The struct.pack() function allows converting integers of up to 64 bit to byte strings. What's the most efficient way to pack an even larger integer? I'd rather not add a dependency on non-standard modules like PyCrypto (which provides num_to_bytes()).
As suggested by S.Lott in a comment, just convert the number to a string and pack that string. For example,
x = 2 ** 12345
struct.pack("40s", str(x))
Assuming the poster wants to pack a large integer as a binary string, i.e. not use one byte of storage per digit in the number. One way of doing this seems to be:
import marshal
a = 47L
print marshal.dumps(a)
This prints:
'l\x01\x00\x00\x00/\x00'
I can't say that I understand how to interpret these bits, right now ...
I take it you mean you only want to use as many bytes as you need to represent the number? e.g. if the number is:
- 255 or less you'd use only 1 byte
- 65535 or less 2 bytes
- 16777215 or less 3 bytes
- etc etc
On the Psion PDA they'd usually have some of packing scheme in which you read the first byte, detect if it has the highest bit set and then read another byte if it has. That way you'd just keep reading bytes until you read the "full" number. That system works quite well if most of the numbers you are dealing with are fairly small, as you'll normally only use one or two bytes per number.
The alternative is to have one (or more) bytes representing the number of total bytes used, but at that point it's basically a string in Python anyway. i.e. it's a string of base-256 digits.

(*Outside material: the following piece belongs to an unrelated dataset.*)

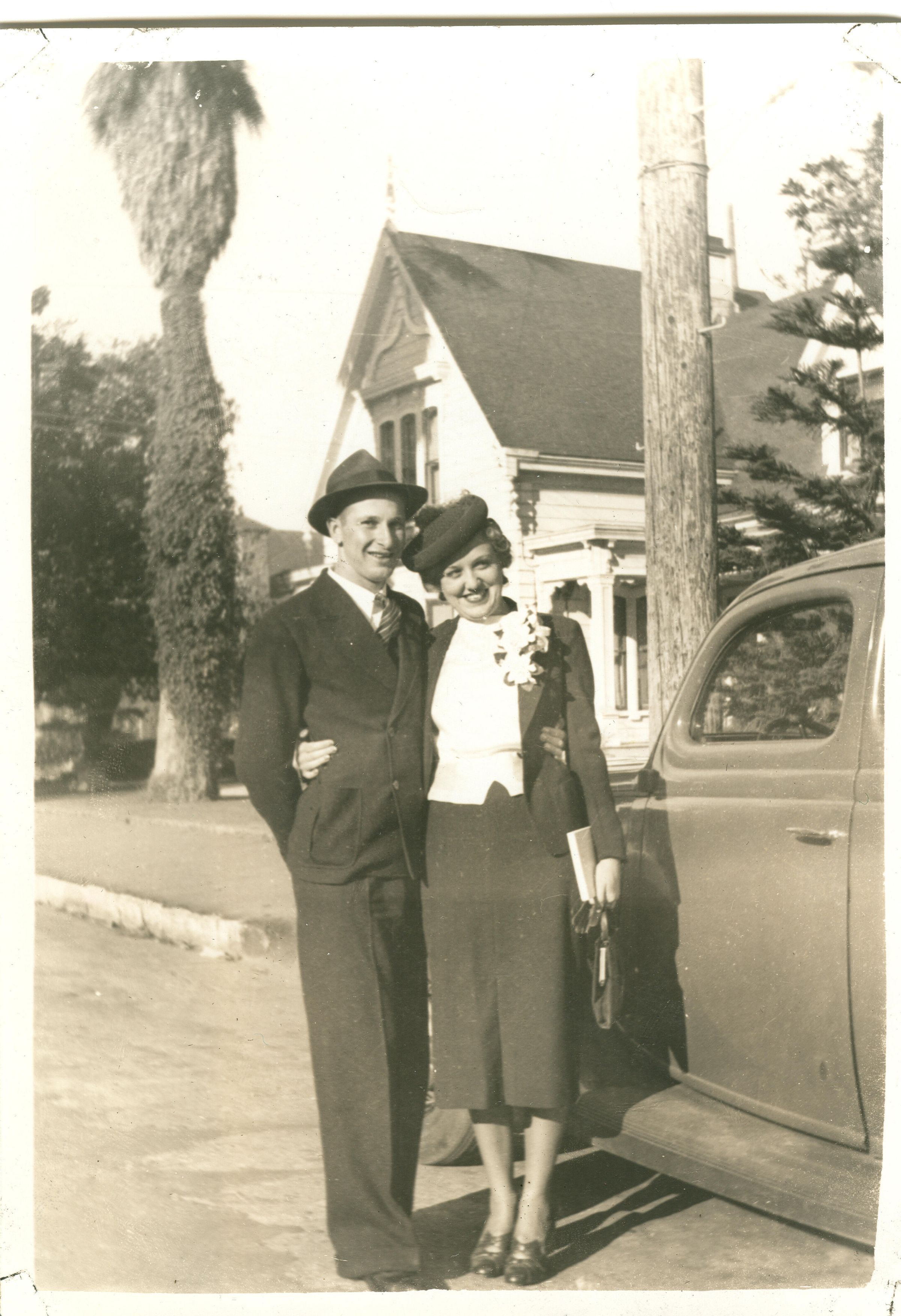 Alice (Scott) and Lester Fink on their wedding day, November 13, 1938. They are pictured in front of the preacher's house in Santa Cruz. FIN054Collection
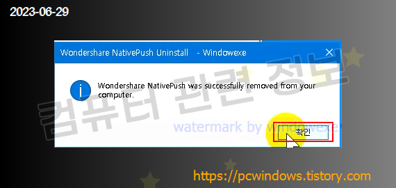 프로그램이 정상적으로 제거되었습니다. 확인 클릭.

Do you mean something like this:
def num_to_bytes(num):
bytes = []
num = abs(num) # Because I am unsure about negatives...
while num > 0:
bytes.append(chr(num % 256))
num >>= 8
return ''.join(reversed(bytes))
def bytes_to_num(bytes):
num = 0
for byte in bytes:
num <<= 8
num += ord(byte)
return num
for n in (1, 16, 256, 257, 1234567890987654321):
print n,
print num_to_bytes(n).encode('hex'),
print bytes_to_num(num_to_bytes(n))
Which returns:
1 01 1
16 10 16
256 0100 256
257 0101 257
1234567890987654321 112210f4b16c1cb1 1234567890987654321
I'm just not sure what to do about negatives... I'm not that familiar with bit twidling.
EDIT: Another solution (which runs about 30% faster by my tests):
def num_to_bytes(num):
num = hex(num)[2:].rstrip('L')
if len(num) % 2:
return ('0%s' % num).decode('hex')
return num.decode('hex')
def bytes_to_num(bytes):
return int(bytes.encode('hex'), 16)
This is a bit hacky, but you could go via the hex string representation, and there to binary with the hex codec:
>>> a = 2**60
>>> a
1152921504606846976L
>>> hex(a)
'0x1000000000000000L'
>>> hex(a).rstrip("L")[2:].decode('hex')
'\x10\x00\x00\x00\x00\x00\x00\x00' # 8bytes, as expected.
>>> int(_.encode('hex'), 16)
1152921504606846976L
It breaks a little because the hex codec requires an even number of digits, so you'll need to pad for that, and you'll need to set a flag to handle negative numbers. Here's a generic pack / unpack:
def pack(num):
if num <0:
num = (abs(num) << 1) | 1 # Hack - encode sign as lowest bit.
else:
num = num << 1
hexval = hex(num).rstrip("L")[2:]
if len(hexval)%2 ==1: hexval = '0' + hexval
return hexval.decode('hex')
def unpack(s):
val = int(s.encode('hex'), 16)
sign = -1 if (val & 1) else 1
return sign * (val>>1)
for i in [10,4534,23467, 93485093485, 2**50, 2**60-1, -1, -20, -2**60]:
assert unpack(pack(i)) == i
With all the fiddling for padding etc required, I'm not sure it's much better than a hand-rolled solution though.